1.4 Unions do well in defending Godsell inside labour

Terry Bell, Business Report, 20 November 2009

 

Genuine trade unionists and their organisations hold no brief for bosses and for capitalists of whatever colour or stripe. But they are also aware that there are times when it is perfectly feasible to be on the same side as an employer on a particular issue.

Apartheid was a classic example, where the principle of majority rights happened to coincide with the interests of modern - and modernising - capital. It was, as the more ideologically inclined might note, a case of the revolutionaries being prepared to steady their aim by resting their rifles on the shoulders of tomorrow's foes as together they faced a common, racist, enemy.

For unionists, it was a matter of seizing the chances offered, while never forgetting that bosses remain bosses; that, for many employers, an anti-apartheid orientation had more to do with profit than principle.
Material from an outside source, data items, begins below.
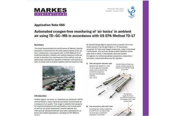Questa nota applicativa illustra le prestazioni degli strumenti di desorbimento termico Markes per l'analisi in provetta di 65 composti "tossici nell'aria" in conformità al metodo US EPA TO-17.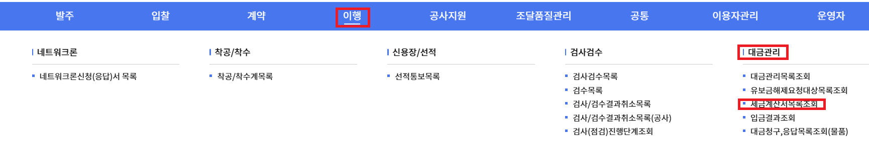 나라장터 첫페이지에서 이행>대금관리>세금계산서목록조회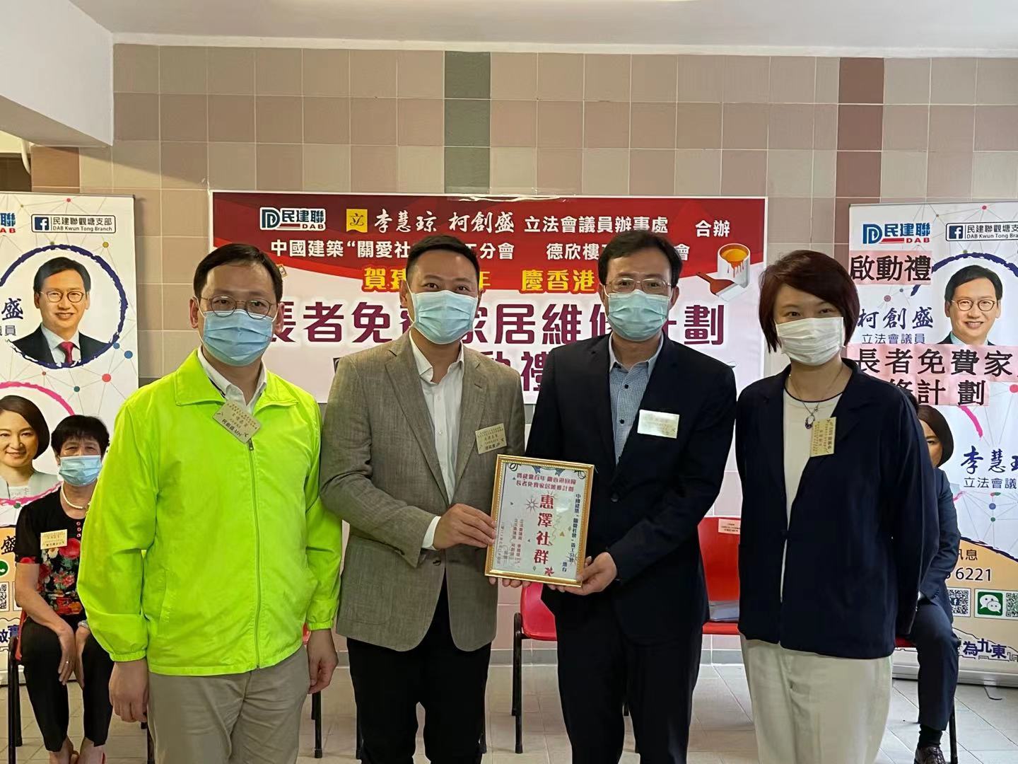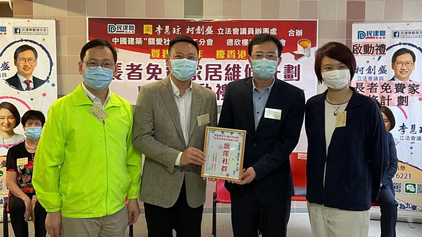 大公文匯網報道,九龍東有不少基層的獨居或雙獨居長者住戶,因為年老或貧困,未能自行改善日久失修的單位。適逢中國共產黨成立一百年及慶祝香港回歸祖國24周年的大日子。有見及此,立法會議員李慧琼及柯創盛表示,有幸獲得中國海外集團及中國建築工程全力支持,發動社區資源與力量,組成義工隊為區內有需要或獨居無依的長者,為他們提供義務的家居改善指導及家居維修服務。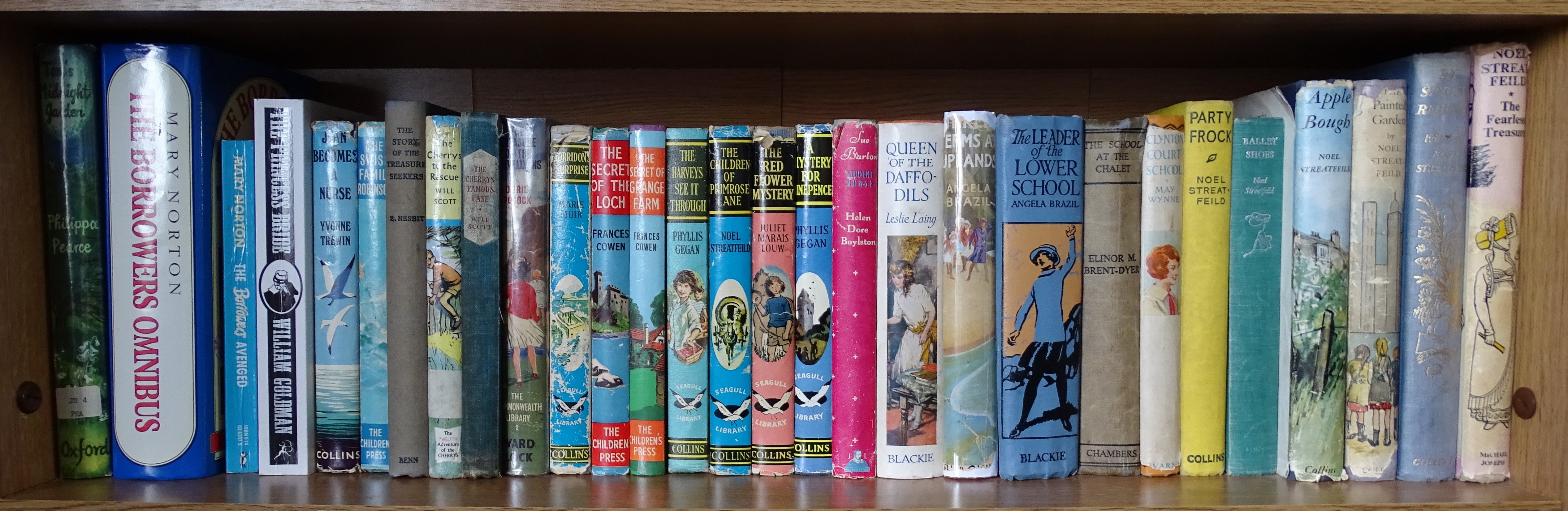 Then I have some Collin’s Seagull Library books, I love the spines on these and can’t resist if I see them going cheaply in charity shops. They are The Harveys See it Through by Phyllis Gegan, The Children of Primrose Lane by Noel Streatfeild (I have more of hers further along the shelf), The Red Flower Mystery by Juliet Marais Louw, and A Mystery for Ninepence by Phyllis Gegan.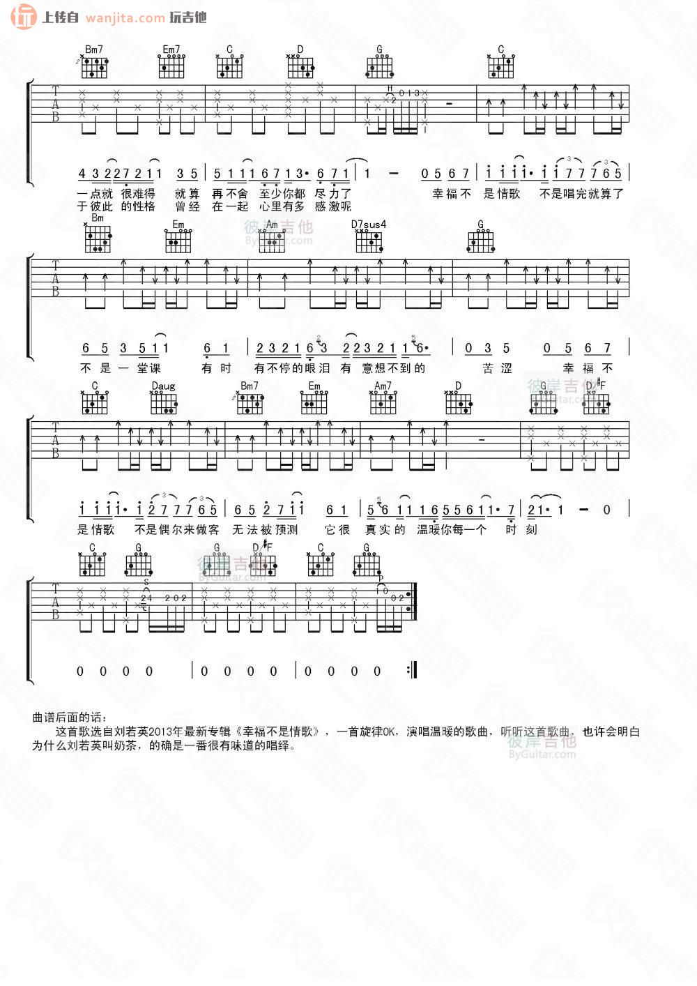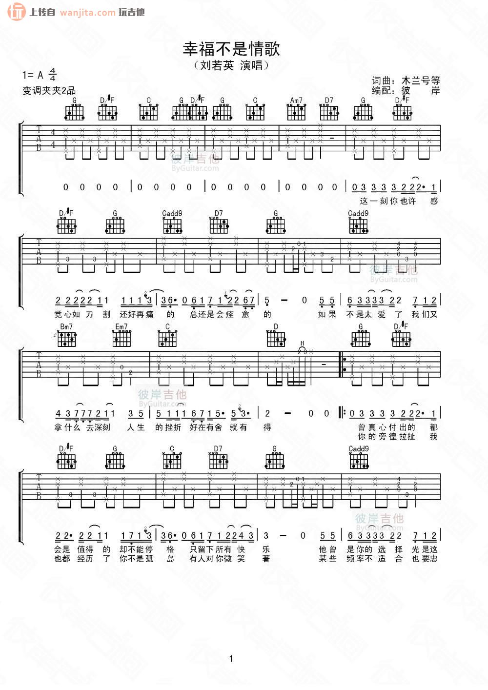 曲谱介绍: 刘若英《幸福不是情歌》吉他谱,总共2张高清图片谱,选用A调指法,节拍4/4拍,不使用变调夹,弹唱难度初级。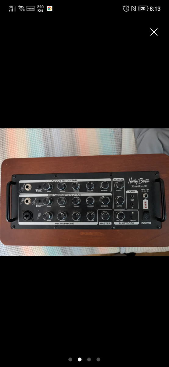 Canal de micrófono / guitarra acústica con selector de modo de micrófono / guitarra, controles de graves, medios, agudos, volumen y efectos digitales (eco y reverberación)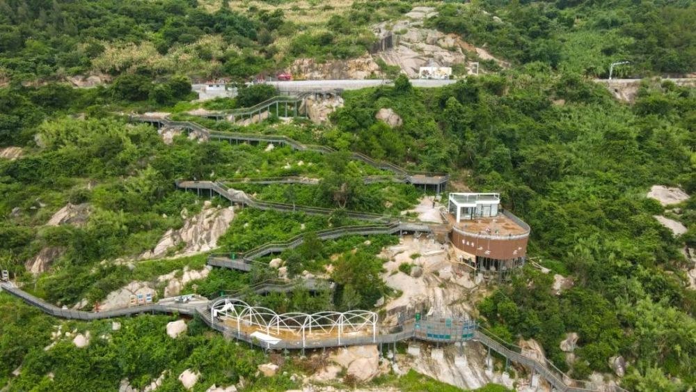 14:30到达光影栈道,这条在山海之间建立起的环海栈道,一边绿树成荫,一边则是蔚蓝的海湾,带来了对比鲜明的强烈美感。俯瞰三沙栈道,s形蜿蜒排开,蔚为壮观。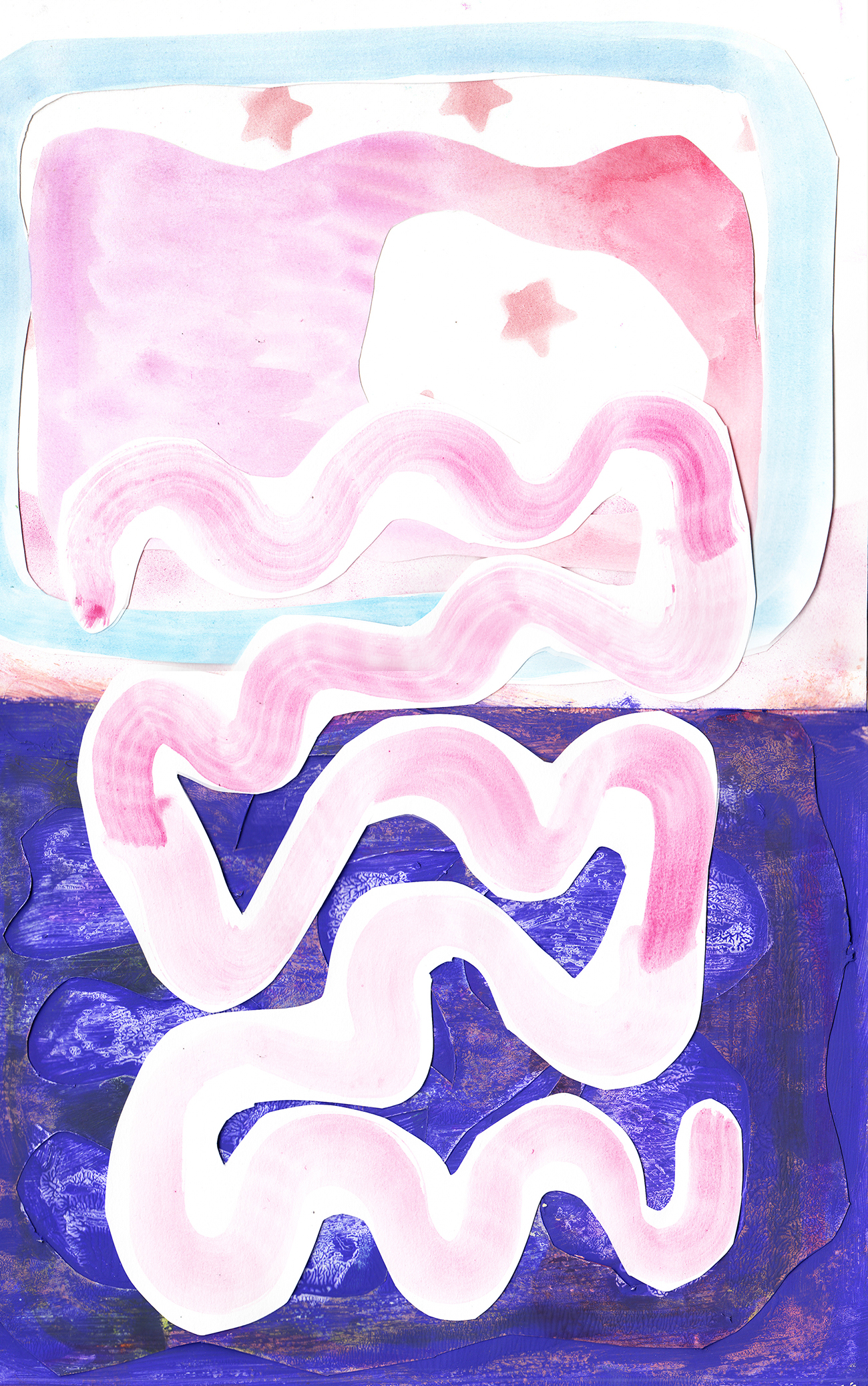 paper, gloss medium, airbrush, watercolor, latex paint, acrylic paint, ink, graphite

But when capitalists - for their own purposes - agree that certain laws are unjust, they will at least tacitly support the moral right of unions and other democratic forces to be no respecters of those laws: in the face of injustice, morality trumps legality. So there are times when unions, as part of the broader democratic movement, and capitalists can find common ground.

This was the situation during the transition from our racially exclusive past to the present, non-racial parliamentary democracy. In that transition period, Bobby Godsell, the recently departed chairman of Eskom, was the president of the Chamber of Mines and one of Anglo American's younger stars.

He was then - and remains - a free marketeer, but one who opposed the concept of an ethnic state as much as he opposed the idea of a classless society. He was and is, as National Union of Mineworkers (NUM) general secretary Frans Baleni agreed this week, an anti-racist capitalist.

This was something Godsell made clear in a 1993 interview in which he referred to what was then happening as the "rapid retreat from commandist notions" that had given rise to the centralised racist tyranny of apartheid.

He welcomed the demise of that system and, as Baleni stresses, worked with the likes of Cyril Ramaphosa to help bring about a negotiated settlement.

Ramaphosa was the general secretary of the NUM. Before that, as a lawyer, he had worked with Anglo American where he had dealings with Godsell - and holds him in high esteem.

The NUM has 11 000 members working for Eskom and there is no record of them raising any questions about Godsell as chairman. However, many of them were far from complimentary about now departed chief executive Jacob Maroga.

These were all reasons why Baleni came to the defence of Godsell when Godsell was accused by the ANC Youth League (ANCYL) and the Black Management Forum (BMF), among others, of being a racist. This certainly did not indicate, as the ANCYL claimed, that Baleni had become a "spokesperson for white monopoly capital".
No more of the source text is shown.